Thursday, August 30, 2007

Forbidden Fruit: Reading Kristin Lavransdatter

Prior to the journey to Iceland this past summer to take part in a storytelling gathering where my group would devote a week to exploring Sigrid Undset's wondrous trilogy, Kristin Lavransdatter, I submitted the following essay to a project concerning women's literacy and their recollection of a book that made a profound impression on them.

In the summer I spent between grades eight and nine one of my girlfriends was a classmate much more developed than I was. “Developed” in the physical sense, for she had reached puberty and I lagged behind, having skipped an earlier grade at school to find myself a child among adolescents, a girl among young women with breasts, fingernail polish, and giggled conversation about boys. I remained the bookish outcast from girl talk but was nonetheless accepted on the fringe of these female clusters because of this friend. She in turn had an older sister with a steady boyfriend, and would report in conspiratorial tones about having observed them necking, and her sister having hickeys on her neck. “Necking” and “hickeys” were hitherto not part of my vocabulary and as I didn’t want to ask for definitions, I absorbed such confidences with a silence intended to conceal ignorance. The greatest revelation about becoming a young woman, however, was the stash of True Romance and True Confession magazines that my friend had discovered when snooping in her sister’s room and from which we pilfered samples to read and discuss. These supposedly “true” magazine accounts were our connection with the world of male-female relationships beyond the bare “facts of life” and we didn’t question the authenticity of these stories that somehow combined titillation with their cautionary moral underpinnings.

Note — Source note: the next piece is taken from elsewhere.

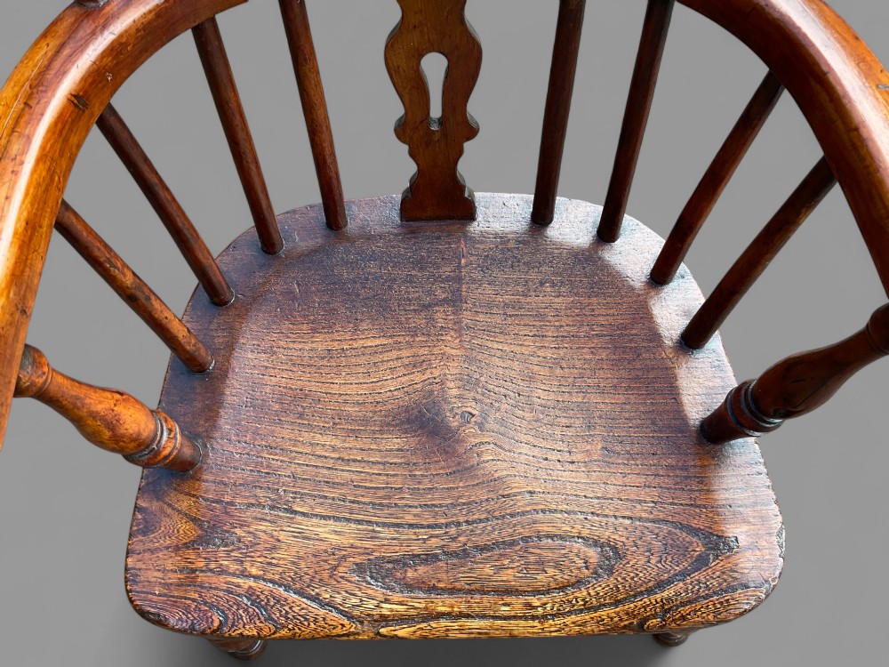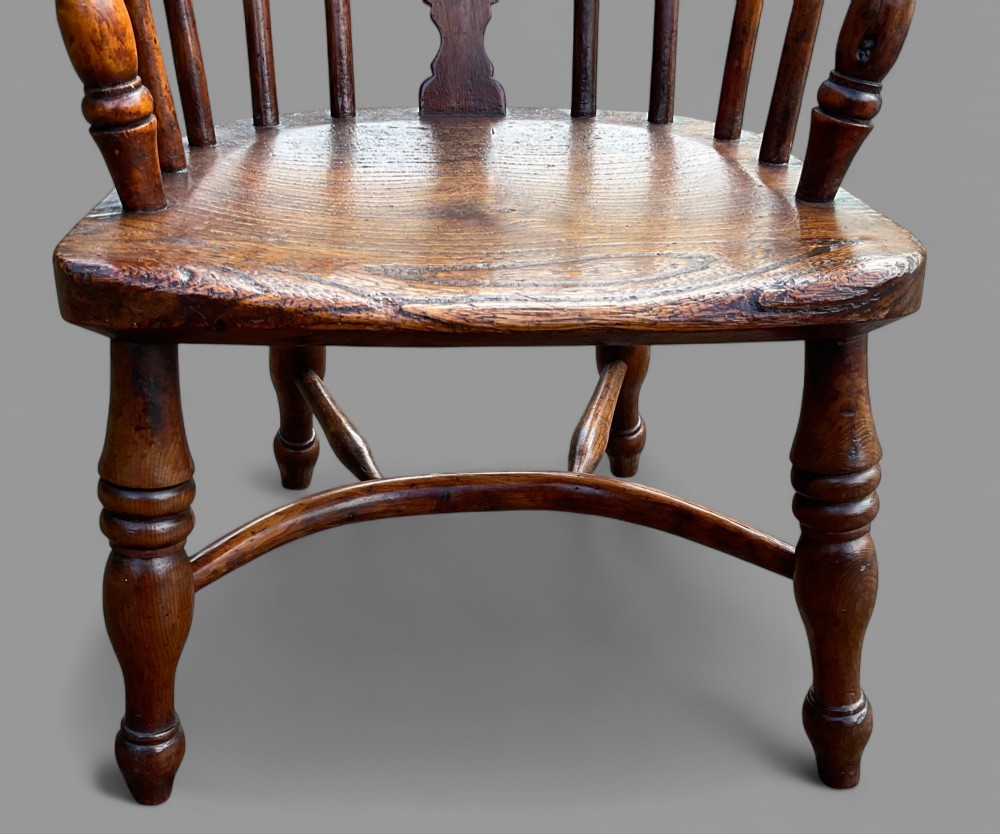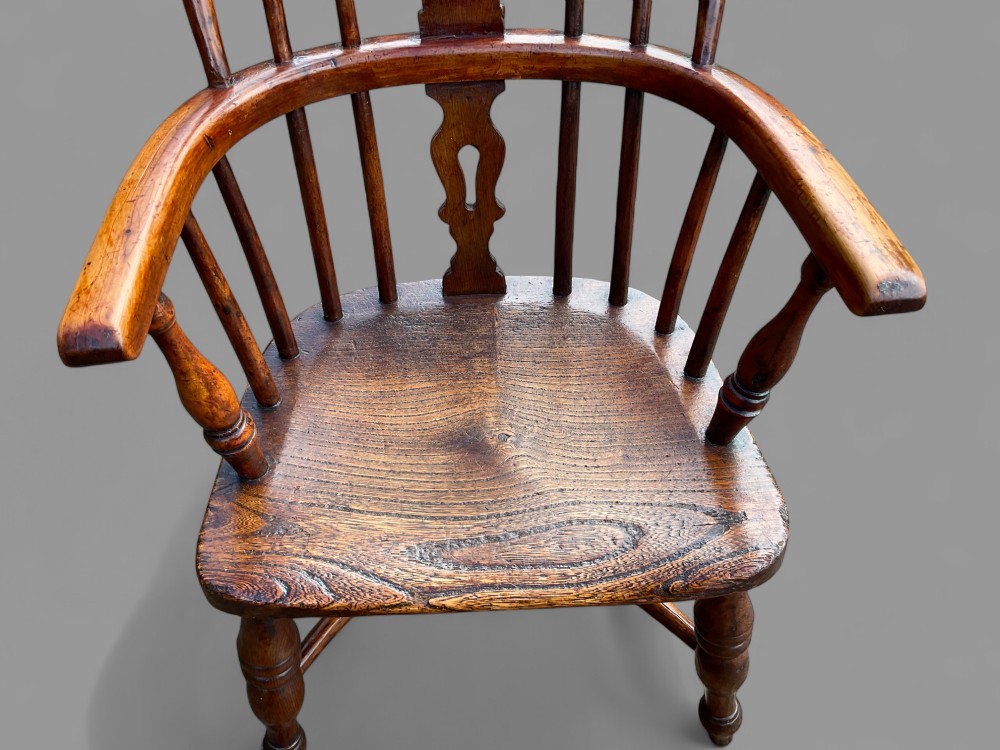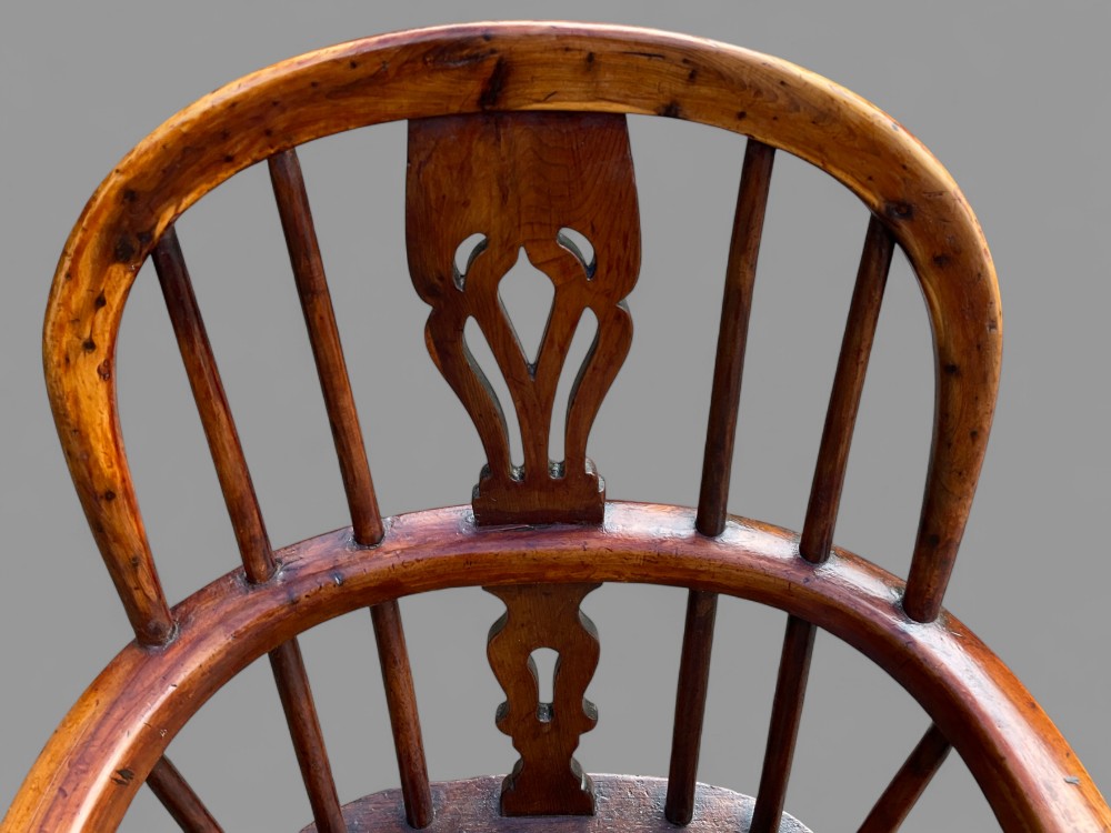 Der Stuhl zeigt die typische Windsor-Form mit geschweifter Rückenlehne, zierlicher Mittel-Schnitzerei und gedrechselten Stützen. Die runden Armlehnen und die stabile Bauweise machen ihn zu einem zugleich dekorativen und praktischen Stück.

It was only when I chanced, later in high school, to discover Sigrid Undset’s novel concerning the fictional life of a 14th century woman she called Kristin Lavransdatter that the complicated world of female passion opened to me. “Passion” in the flimsy newsprint pages of True Confessions was basic, spurious, and one-dimensional; the people portrayed on those pages were shadowy and, once the magazine was set aside, completely forgettable. After devouring the contents in one afternoon while consuming potato chips, my friend and I felt sated, bored with the sameness of the stories, and returned them to the big sister’s room never to look at them again.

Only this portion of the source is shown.